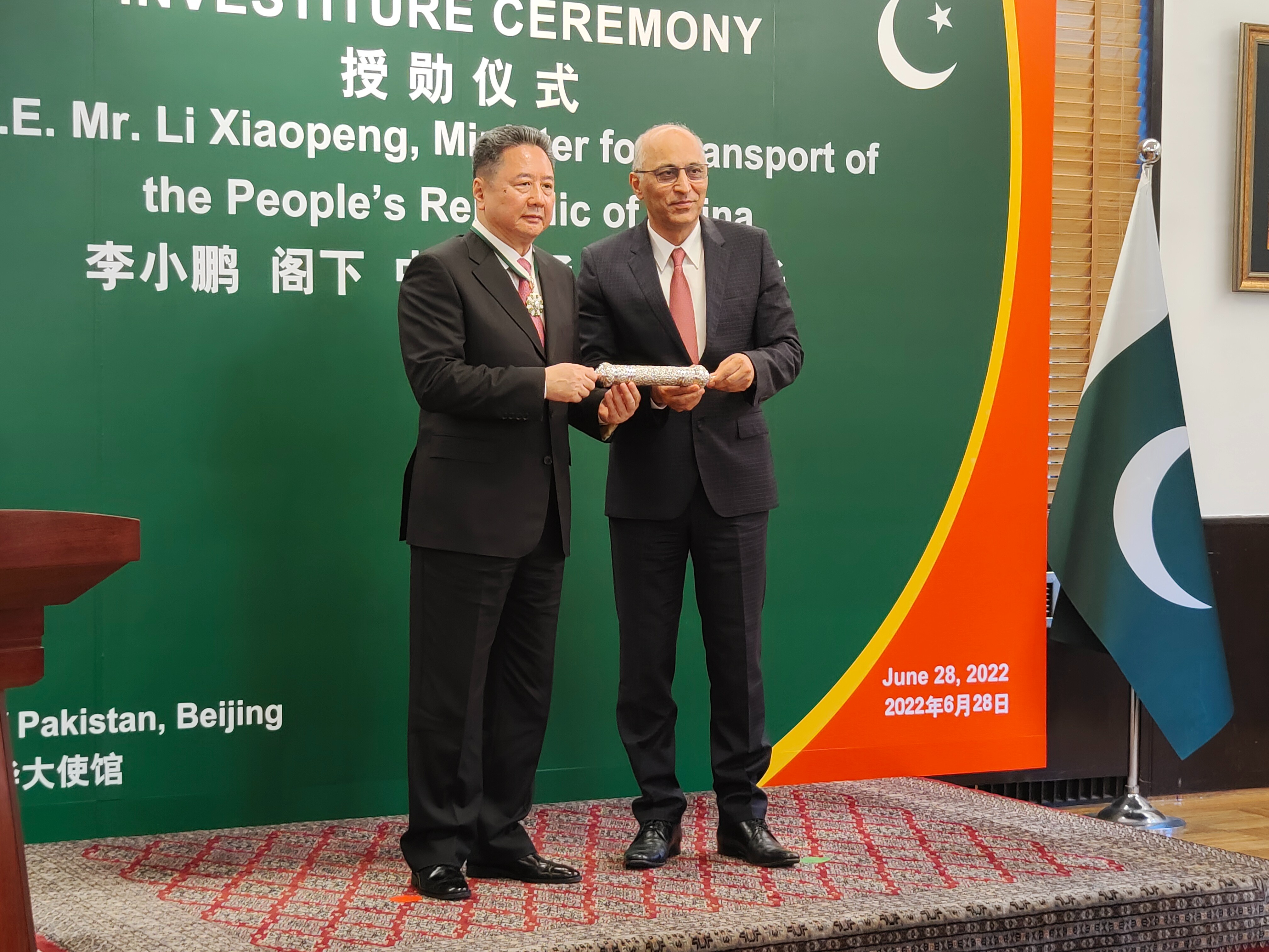 6月28日,巴基斯坦驻华大使莫因·哈克代表巴基斯坦总统阿尔维授予中国交通运输部部长李小鹏“巴基斯坦卓越新月勋章”。
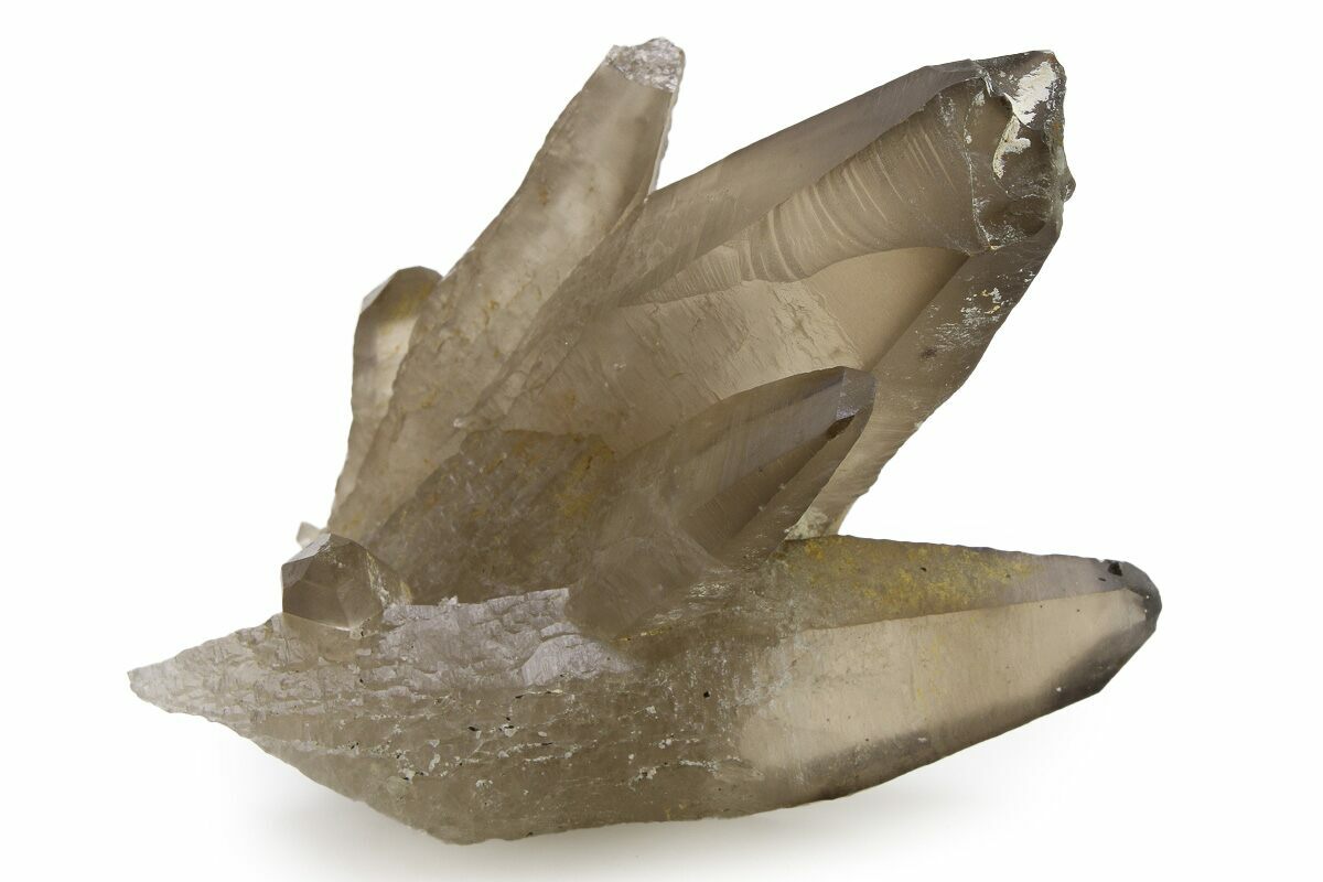 This is an interesting, 3.7" wide cluster of smoky quartz crystals collected from Erongo Region of Namibia. Under shortwave UV light, a vibrant green inclusion of hyalite opal can be found near the base of the cluster. The reaction to shortwave UV is a result of trace uranyl ions.
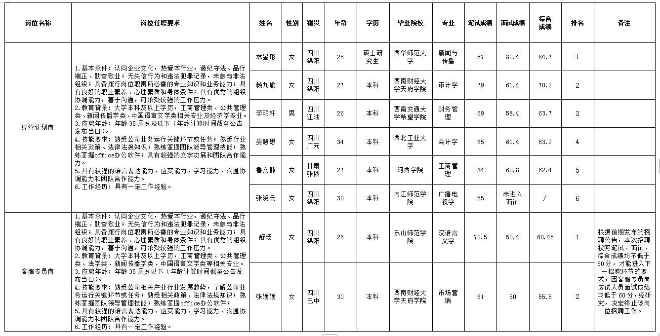 凭证绵阳市都会停车治理有限公司宣布的招聘通告及招聘相关划定,,,,,经笔试、面试等程序,,,,,现将笔试(面试)效果予以公示。。。。。
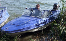 Первое впечатление очень приятное: вибрации от мотора практически нет, на глиссер вышел через секунду. При оборотах 3000 - скорость 40 км/ч, при 4000 - 55 км/ч. Все. Дальше скорость не растет. В принципе, больше и не надо. Мне хватит. Ощущения приятные.
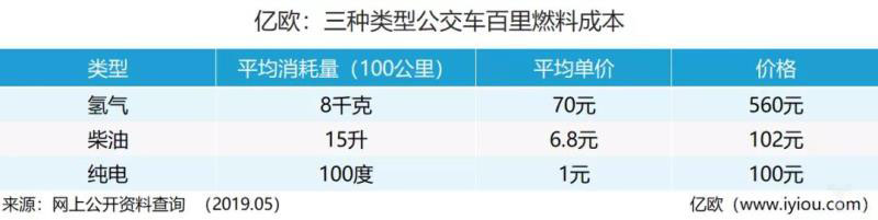 不過,工作人員告訴億歐汽車,安亭加氫站目前氫氣出售價格是70元/kg,一輛公交車跑100公里,耗氫量約8kg,價格在560元左右。億歐汽車對比了氫氣、柴油和純電動的消耗量及價格發(fā)現(xiàn),使用氫燃料電池汽車的成本遠(yuǎn)高于其他兩種燃料,目前看來,氫燃料的優(yōu)勢并不明顯。
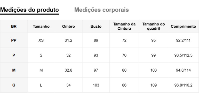 Disponível nos tamanhos PP, P, M e G, garantindo o ajuste perfeito para cada tipo de corpo.
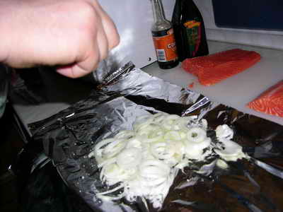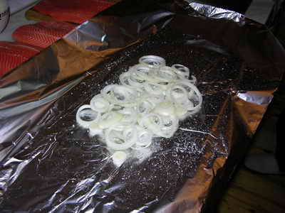 Стелим два куска фольги и выкладываем на них половину лука.
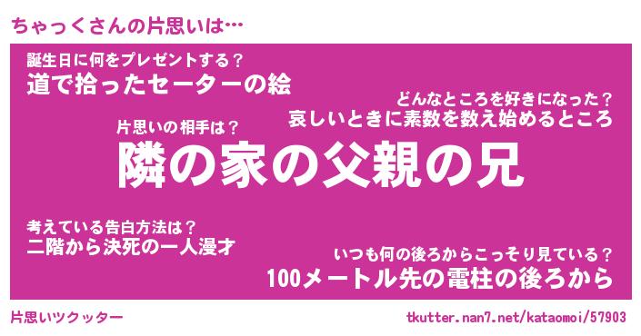 | 男性向けラノベタイトル風あだ名 | 『ちゃっくの憂鬱』 |
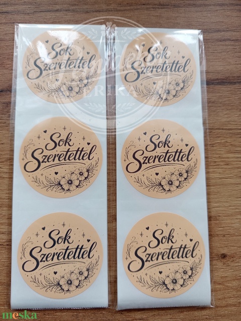 Sok Szeretettel” kerek matrica (5 cm) – 20 db.
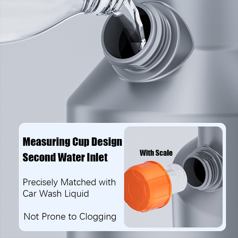 5.Recursos avançados de segurança: Para garantir uma experiência de lavagem de carros sem preocupações, este pulverizador de espuma para carro foi projetado com uma válvula de alívio de pressão.Pressione com segurança o botão da válvula para eliminar o risco de ruptura da garrafa.Libere totalmente a pressão antes de usar, o design é seguro e confiável.
_ _ _
Requirement: Copy out exactly the lines that begin at the line with "不過,工作人員告訴億歐汽車,安亭加氫站目" and end at the final line of the entries above. Leave out the pictures.

Answer space:
 不過,工作人員告訴億歐汽車,安亭加氫站目前氫氣出售價格是70元/kg,一輛公交車跑100公里,耗氫量約8kg,價格在560元左右。億歐汽車對比了氫氣、柴油和純電動的消耗量及價格發(fā)現(xiàn),使用氫燃料電池汽車的成本遠(yuǎn)高于其他兩種燃料,目前看來,氫燃料的優(yōu)勢并不明顯。
 Disponível nos tamanhos PP, P, M e G, garantindo o ajuste perfeito para cada tipo de corpo.
 Стелим два куска фольги и выкладываем на них половину лука.
 | 男性向けラノベタイトル風あだ名 | 『ちゃっくの憂鬱』 |
 Sok Szeretettel” kerek matrica (5 cm) – 20 db.
 5.Recursos avançados de segurança: Para garantir uma experiência de lavagem de carros sem preocupações, este pulverizador de espuma para carro foi projetado com uma válvula de alívio de pressão.Pressione com segurança o botão da válvula para eliminar o risco de ruptura da garrafa.Libere totalmente a pressão antes de usar, o design é seguro e confiável.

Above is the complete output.